Walking back toward the parking lot in the sunlight, carrying the pizza box in front of himself in both hands like a page boy carrying the queen mother's crown, Ralph saw Zack leaning way over to talk at Woody, and from the menacing shape of Zack's posture Ralph knew Woody was being told to
shut up.
Scaring the shit out of him, Ralph thought, and grinned at the idea. Yeah, Zack would be their tough guy, against those other people.
As Ralph opened the right rear door of the Honda, Zack moved leftward, wiping both sides of the knife blade against Woody's thigh, leaving a small faint streak of bloodstain. Woody, grimacing in pain, put his right hand over the wound like a compress and pressed it there with his left elbow. Zack, in better humor, said, "So what'd you get? Pepperoni?"

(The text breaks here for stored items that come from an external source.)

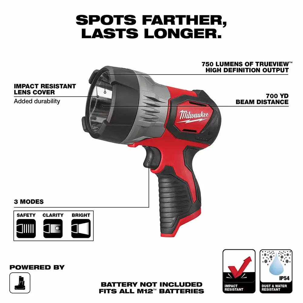 - Strobe Mode: 800 lumens for up to 8 hours with M12 XC 4.0 Pack
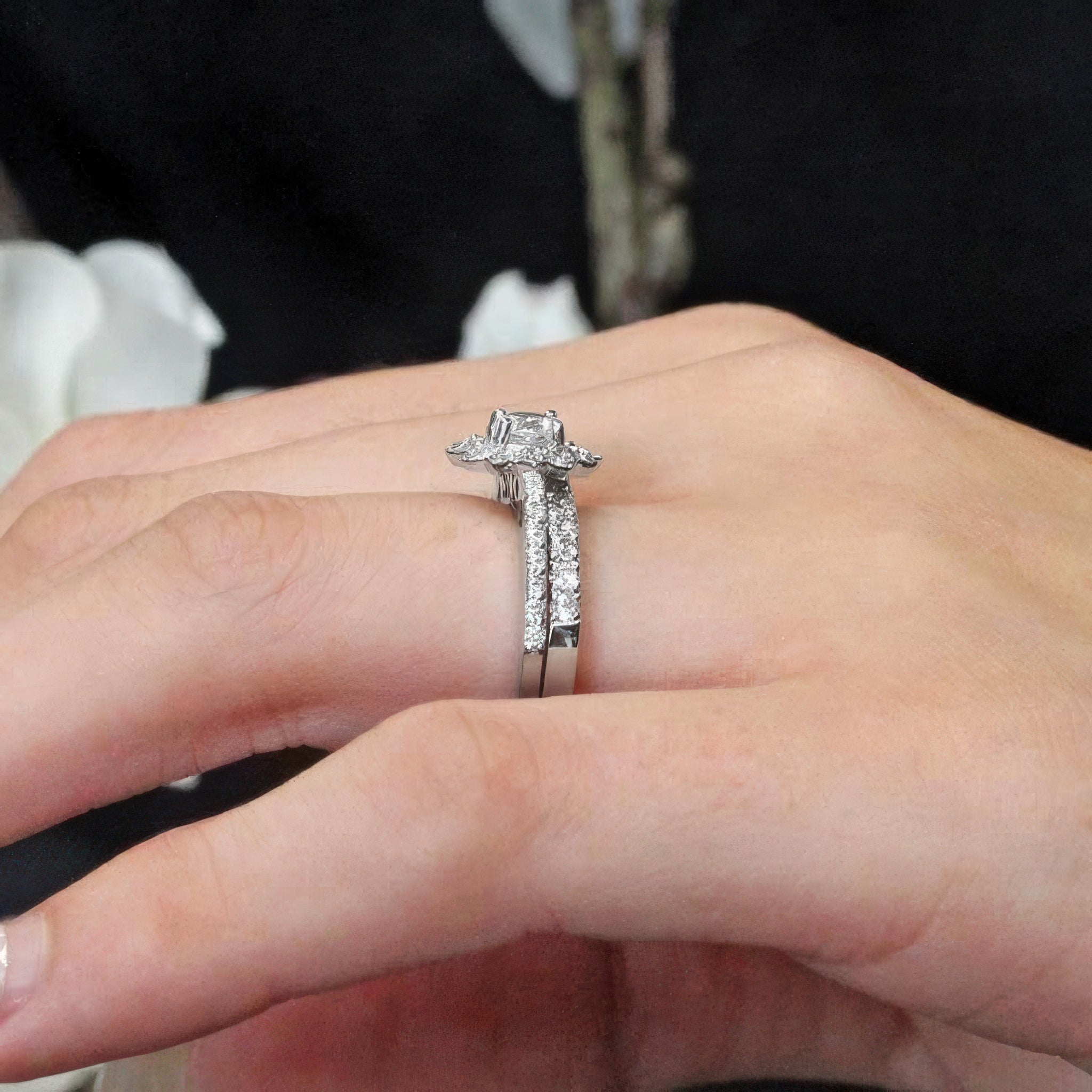 This starnish halo moissanite bridal set features our exclusive star design with a prong set round center encircled in a starburst halo of diamonds and shared prong set diamonds cascading down the shoulders. Comes with a matching wedding band.
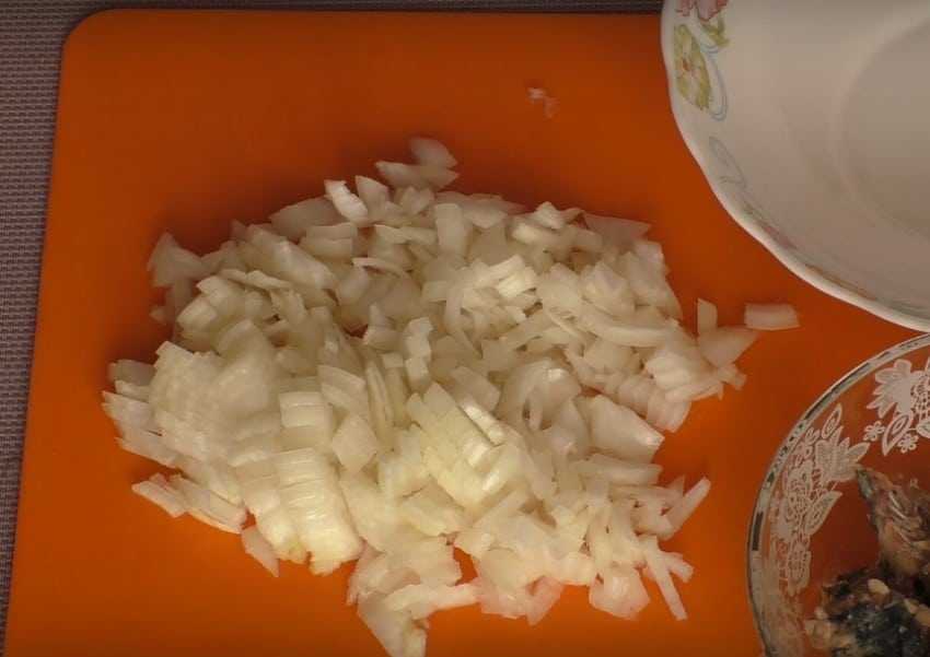 - Лук измельчить кубиками, грибы дольками. Раскалить масло в сковороде и поджарить лук пару минут. Присоединить грибы и жарить, пока жидкость из грибов не испарится.
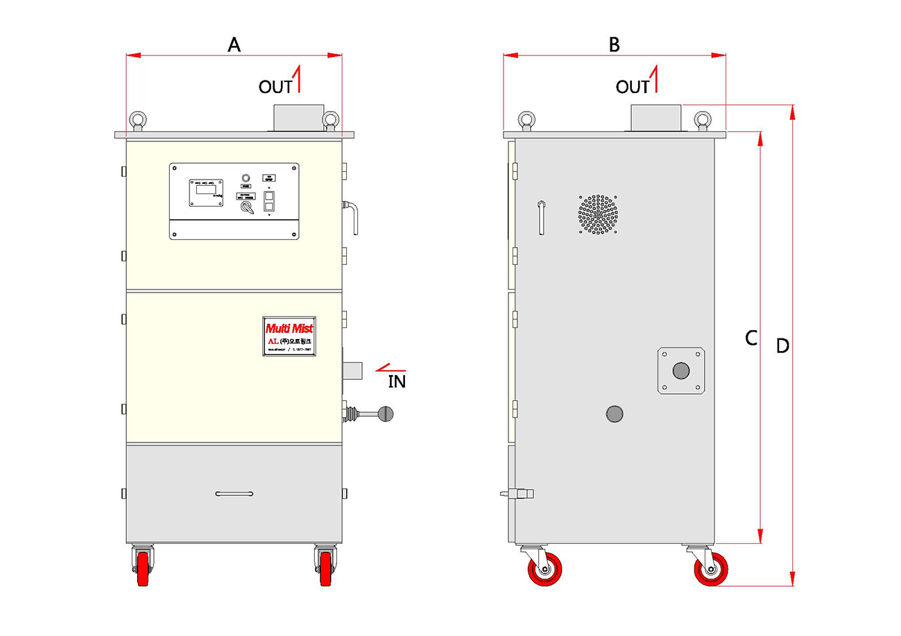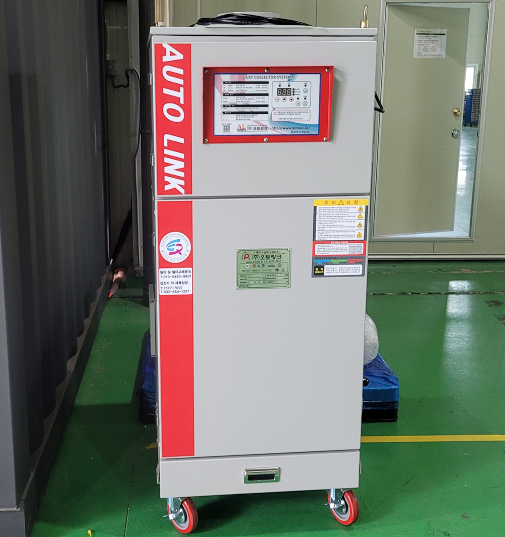 필터청소 후 탈리 된 분진은 하단의 서랍형 분진함에 모아지며 슬라이드 방식으로 간단히 탈착되어 분진배출에 용이함
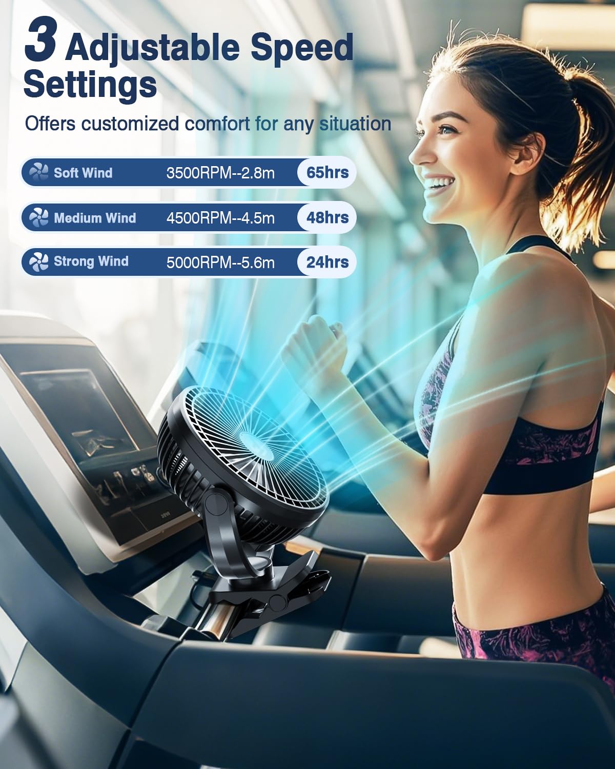 • 3 Speeds and 2 brightness: With 3 adjustable speeds helps, this clip on fan makes you can get a cool breeze anywhere, using the portable fan in extremely hot and humid weather with no AC; whether it is at home, office or outdoor, it is your first choice. Allows you to enjoy the cool breeze all day long
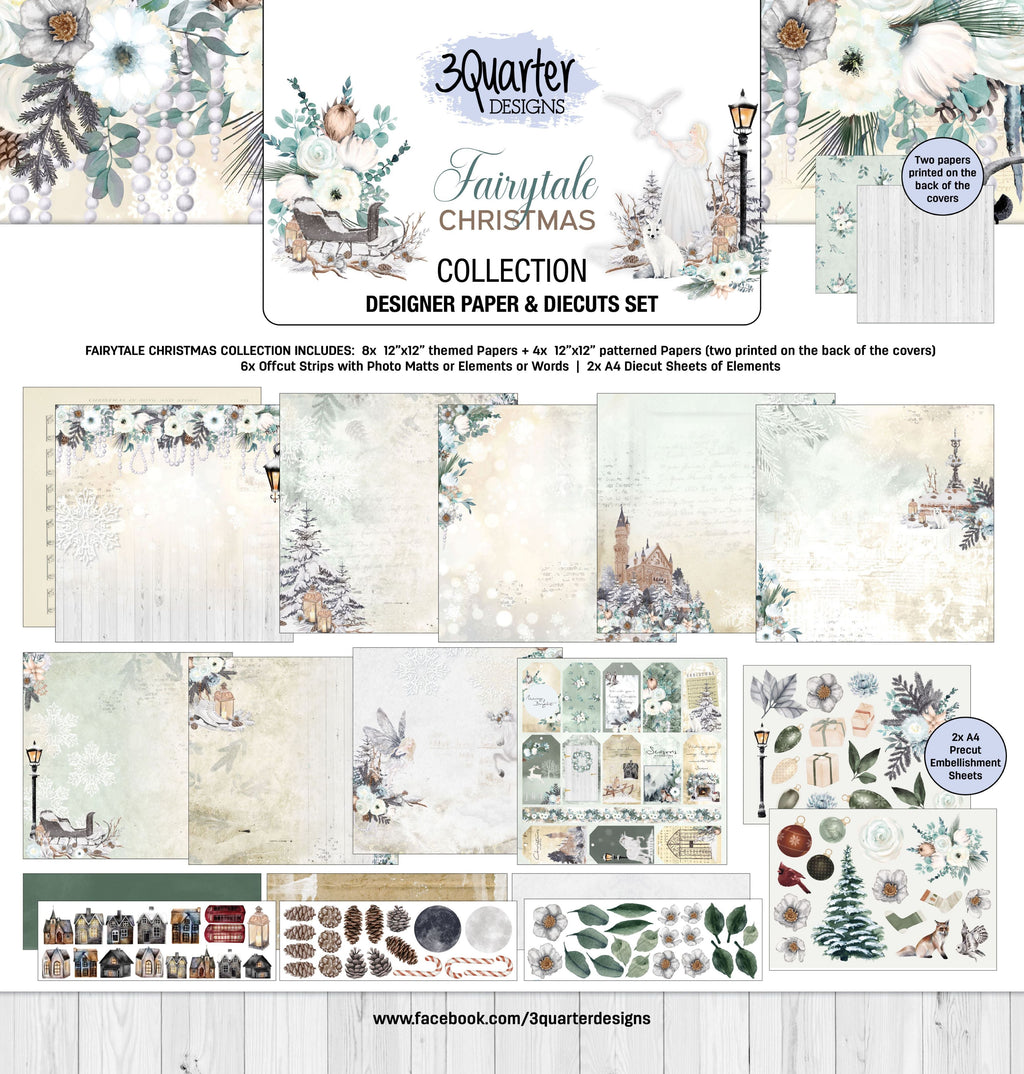 The Fairytale Christmas 12" X 12" Scrapbook Collection Pack with white, cream and green tones has beautiful Christmas and Winter themed designs paired with the designer's signature mixed texture look, creating the 3Quarter Designs unique and versatile much-loved look. Perfect for Christmas and Winter projects. The Fairytale Christmas collection includes a 12" x 12" Scrapbook Collection Pack, an 8" x 8" Paper Pack, a 6" x 6" Paper Pack and a 4" x 6" Card Pack. All sold separately. Designed and printed in New Zealand.
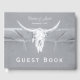 Thème rustique gris clair taureau blanc crâne de vache pays western cowboy réception mariage keepsaké livre d'or. Vintage ferme inspirée de la texture en mauvais état imprimé. Ancien style sauvage ouest antique. Cool, tendance, design animal de ferme moderne. Personnalisez votre script. Copyright de l'image Marg Seregelyi Photography.
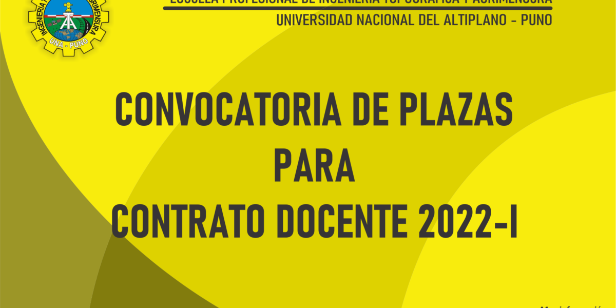 UNIVERSIDAD NACIONAL DEL ALTIPLANO FACULTAD DE CIENCIAS AGRARIAS ESCUELA PROFESIONAL DE INGENIERÍA TOPOGRÁFICA Y AGRIMENSURA CONVOCATORIA DE PLAZAS PARA CONTRATO DOCENTE 2022-I PARA MAS INFORMACION CLICK AQUI Fuente: Departamento Académico EPITA
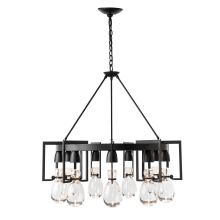 Gracefully held in place by detailed steel cuffs and a large circular frame, nine hand-blown hourglass vessels capture pools of downward light. The glass elements speak to the apothecary jars of an earlier time, while the metalwork reflects clean contemporary lines. The round Apothecary Chandelier is a part of Hubbardton Forge’s Apothecary Collection, blending simplicity in form with richness in materials and finish—easily adaptable to a wide range of styles.
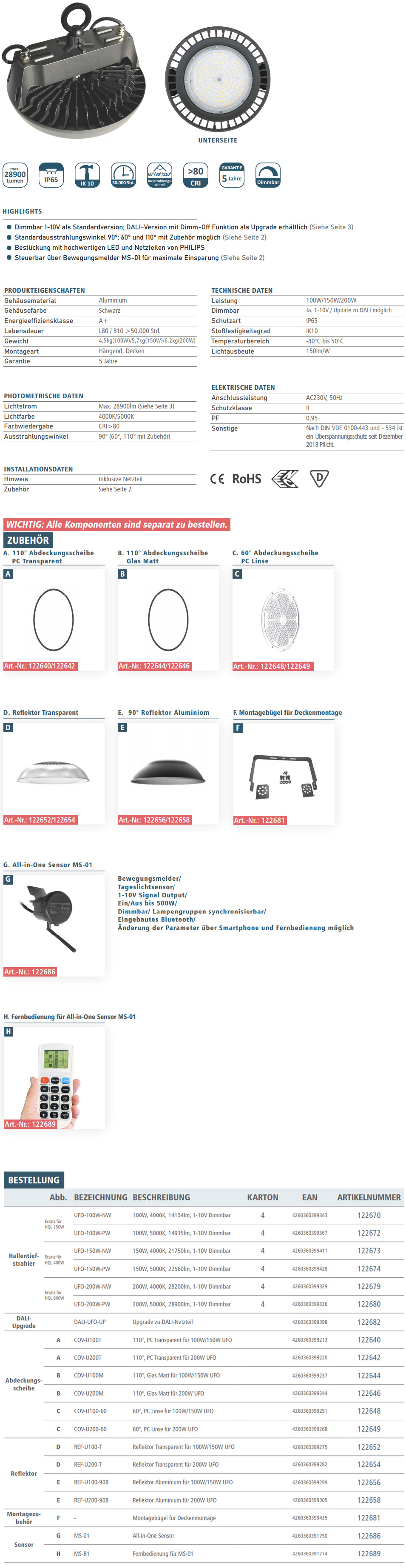 Ersetzt herkömmlich Lampe ca. | 250W /400W HQL |
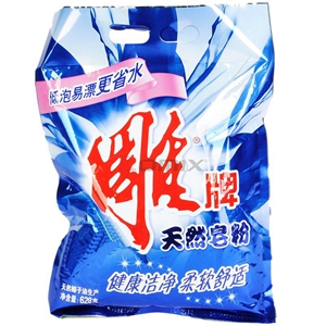 商品名称:雕牌 天然皂粉 家庭装 628g 商品编号:255006 基本单位:袋 最小采购单位:袋(1) 箱包装量:1
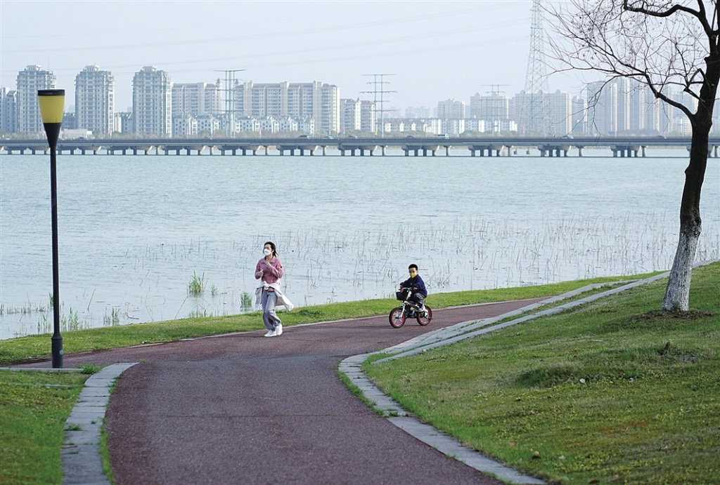 近年来,苏州生态环境越来越好,家门口的“绿水青山”成为市民周末休闲的好去处。图为昨天市民在东太湖边跑步、骑车,乐享滨水生活。记者 杨海石 摄
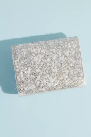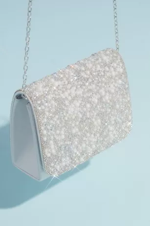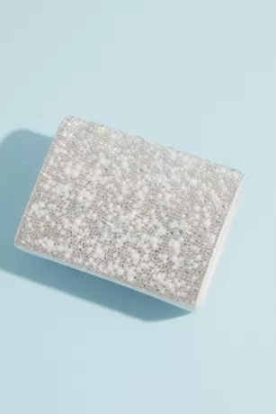 Brilliantly sparkling crystals and iridescent stones cover the front fold of this metallic crossbody bag.

"They could do halfies," Ralph told him, sliding into the car, pushing the box ahead of himself across the seat. "Half plain, half pepperoni."
Zack held up the knife, showing it. "I got my knife out, to slice."
"The guy did it at the place. Eight slices."
"I'll just leave it here," Zack said, putting the open knife on top of the dashboard, "in case we need it."
Woody looked at the knife open on the dashboard, and blinked, and didn't say a word.
They ate the pizza, and drank three cans of the soda, and then across the way the doors of 16 and 17 opened, and the four people came out. The woman got behind the wheel of the station wagon. Two of the men were carrying duffel bags that they put in back, then all got into the car.
"She's the driver," Ralph said, surprised. "I didn't think she'd be part of it."
"Some women are," Zack said. "Why not."
"I'll have to tell Mary when I get back," Ralph said. "How good things could go, if you had a woman along you could trust to be on your side, and not be nagging you and putting you down all the time."
Woody put his right fist up to his mouth and gnawed gently on the knuckles. His left arm was pressed to his side. He wasn't talking, he was just staring at the glove compartment door. His left side ached, as though he'd been hit there by a baseball bat or something, not the sharper pain he would have expected from being stabbed. I've been stabbed, he thought, with dulled surprise. How did I get to be here, in this place, stabbed? Jesus, what did I do that I'm here in this place?
Zack started the Honda engine, and they followed the station wagon, keeping well back, and it did what they'd expected it to do, it went straight to the stadium. There, the wagon stopped, and the three men got out. They collected their duffel bags and strode away across the full parking lot, and the station wagon moved on, and Zack followed.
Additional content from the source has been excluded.